The 3.5-liter EcoBoost V-6 is the first application of Ford’s gasoline direct-injection twin-turbo technology in a half-ton pickup. It’s Ford’s effort to shrink engine displacement for improved fuel economy while delivering tons of low-end power. In the 2011 F-150, the 3.5 V-6 is rated a strong 365 horsepower (at 5,000 rpm) and 420 pounds-feet of torque (at 2,500 rpm) with a flat, diesel-like torque curve. Ninety-percent of peak torque is available from 1,700 rpm to 5,000 rpm.

McCarthy and Merritt's Mongo Racing will be the first teams to introduce a turbo six-cylinder gasoline engine pickup truck to the Baja 1000. In the past, only specially tuned, naturally aspirated V-8s and turbo-diesels competed in the Baja.

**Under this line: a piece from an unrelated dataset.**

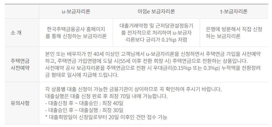 본인 또는 배우자가 만 40세 이상인 고객님께서 u-보금자리론을 신청하면서 주택연금 가입을 사전예약하고, 주택연금 가입연령에 도달 시(55세 이후 전환 희망 시) 주택연금으로 전환하는 상품입니다.

Making McCarthy’s Baja run a bit more interesting is the newly installed EcoBoost “hero engine” that’s powering his truck. The same engine first endured the equivalent of 150,000 harsh-user miles on the dynamometer, then was installed into a new 2011 F-150 to work as a log skidder in Oregon, towed a maximum trailer load at a high-speed NASCAR track and beat the competition in a towing exercise at Davis Dam.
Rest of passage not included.